# No enciende el PC, si cuando quito un cable pero sin verse nada



## Meta (Ago 13, 2012)

Hola:

tengo un Pentium IV. Al encender el PC intenta moverse el ventilador del microprecesador y no enciende. Si dejas el PC normal, en la placa base tiene el Led encendido, como que está la conmutada enchufada. Cuando pulso Power ON, no enciende.

viendo este esquema.





El cuadrado con los cables negros y amarillos que dan 12V, si lo desconecto, funciona el ventilador del microprocesador pero no enciende nada en la pantalla. Si lo conecto, ningín ventilador funciona.

¿Qué puede ser?

Lo que creo que la fuente no aguanta mucho, es de 300W, quizás como consume más la placa base que lo que aguanta la fuente, se detiene. Antes funionaba todo, de repente ya no encendió más.

No tengo una fuente de 450W para probar a ver que pasa.

¿Alguna solución?

Un cordial saludo.


----------



## Mslbrll (Ago 13, 2012)

Cambia la fuente, seguro se quemo.


----------



## el-rey-julien (Ago 13, 2012)

y si desconectas el dvd /cd o el disco duro ? enciende ?


----------



## Tacatomon (Ago 13, 2012)

¿Los condensadores cerca del área de la CPU están en buen estado?
Unas fotos ayudarían.

También puede ser que la fuente ya esté por pasar a mejor vida.

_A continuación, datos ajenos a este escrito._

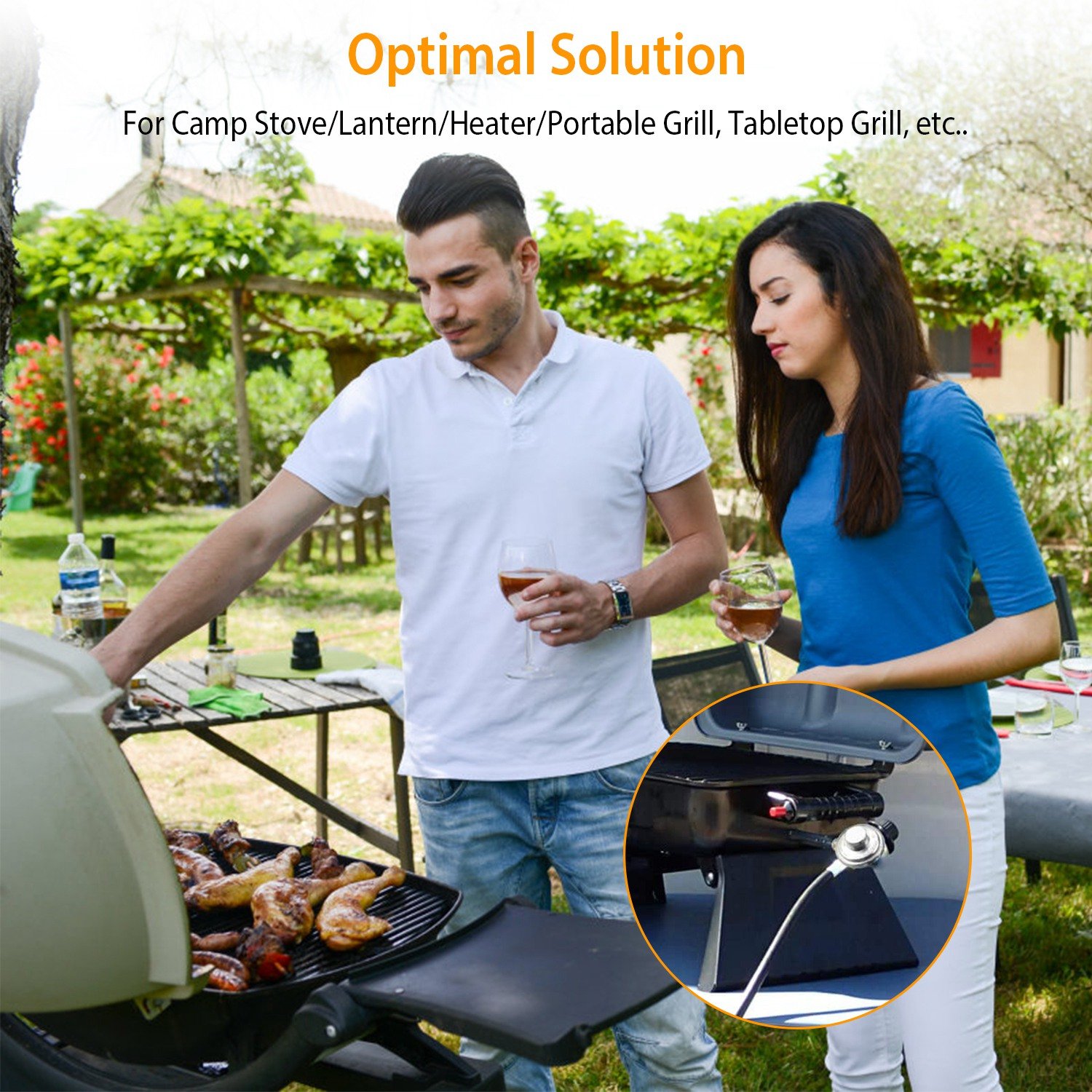 Low pressure propane regulator fits QCC1/Type1 LP gas propane tanks and 5/8-18UNF connection. Let you stop spending more money on those expensive 16.4oz /1lb little propane bottles. Passed CSA certified render you more safety. Durable brass and long-lasting hose provide a secure and sealed connection between grill and tank to ensure you safe leakage-free operation. No tools needed and great for BBQ, camping, tailgate party, heating needs or having a patio/camping outdoor cookout.

Acá es de probar con una fuente nueva o en buen estado.

Saludos!


----------



## phavlo (Ago 13, 2012)

probaste la fuente aparte aver si da los voltajes que debe dar ?


----------



## Meta (Ago 13, 2012)

Hola:

La fuente no se si será de buen estado. Lo que se que he probado varias fuentes solo con el conector cuadrado que tiene los 4 cables, dos negros y dos amarillos. Desde que lo conecte la fuente se para.

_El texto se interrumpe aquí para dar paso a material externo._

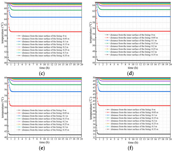 Changing curves of the lining temperature at different temperatures and positions when not considering concrete hydration heat. (a) Touter = 95 °C; (b) Touter = 80 °C; (c) Touter = 70 °C; (d) Touter = 65 °C; (e) Touter = 60 °C; (f) Touter = 50 °C.

Los condensadores están bien. Lo que veo un poco quemado son dos coponentes que parecen reguladores al lado del microprocesador. Se llaman 85T03H. Pareque que son transistores.

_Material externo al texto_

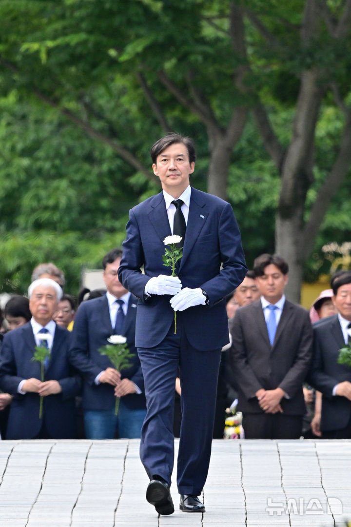 盧武鉉・元大統領の墓参りをする曺国・前祖国革新党代表(8/12)

He probado lols voltajes y da bien.

Un saludo.

Edito:
Leyendo por Internet, parece ser que el el microprocesador que puede estar mal, no mal conectado, sino quemado.

He encontrado esta explicación.


> Antes de nada, para comprobar si funciona (aunque esto no se puede hacer  así en todas las fuentes porque algunas disparan), desconecta todos los  cables de la fuente a la placa y dispositivos
> 
> Coje el conector ATX que es el de 20+4 pines (viene uno de 20 y otro al  lado de 4 para placas de 24 pin). Enchufa la fuente a 220V y pon su  interruptor trasero en ON.
> 
> ...



Mi conclusión, puede ser el microprocesador o los transistores que indiqué arriba.


----------



## Tacatomon (Ago 13, 2012)

Es muy probable que sea el componente que mencionas. Ya que cuando desconectas el voltaje auxiliar de la CPU el sistema arranca pero al estar dañada la etapa reguladora de la CPU, no hay señal. Unas fotos del área en cuestión ayudarían.

Saludos.


----------



## EDUARDO RIVEIRA (Ago 13, 2012)

Meta saludos, amigo lo que esta pasando es que tienes un corto en los mosfet que estan en la fuente que alimenta el procesador ,ese componente 85T03H es uno de ellos deben haber 3 0 4 iguales te toca bajarlos y verificar cuantos hay en corto o cual ya no cierra al ser gatillado.
si tomas una foto de esa parte de los mosfet y nos das el modelo de la motherboard major para los amigos del foro.


----------



## Meta (Ago 14, 2012)

Hola:

Cuando pueda subo las fotos.

El procesador en un Pentium IV, 3.0GHz. 2x512MB de RAM. La plama base es *ASUS PSGD2-X REV. 1.00*.

He quitado el procesador, parece estar bien, lo limpie a fondo y puse pasta nueva. La prueba que hice es conectar todos los conectores sin el procesador y enciende el ventilador de la CPU mientras los conectores todos conectados.

Pensé que era la fuente, he probado en poner dos fuentes conmutada de ATX, uno directo de los 22 pines y otra fuente de 4 pines. Ocurre lo mismo.

Parece ser que son esos componentes y no se si se pueden comprar en un local de electrónica.

Un cordial saludo.


----------



## EDUARDO RIVEIRA (Ago 14, 2012)

Meta saludos, esos componentes por lo general hay que pedirlos por encargo ,pero en talleres puedes conseguir motherboard malas en los cuales hay repuestos de reemplazo, lo que si tienes que hacer es verificar el datsheet de las componentes para comparar equivalencias.


----------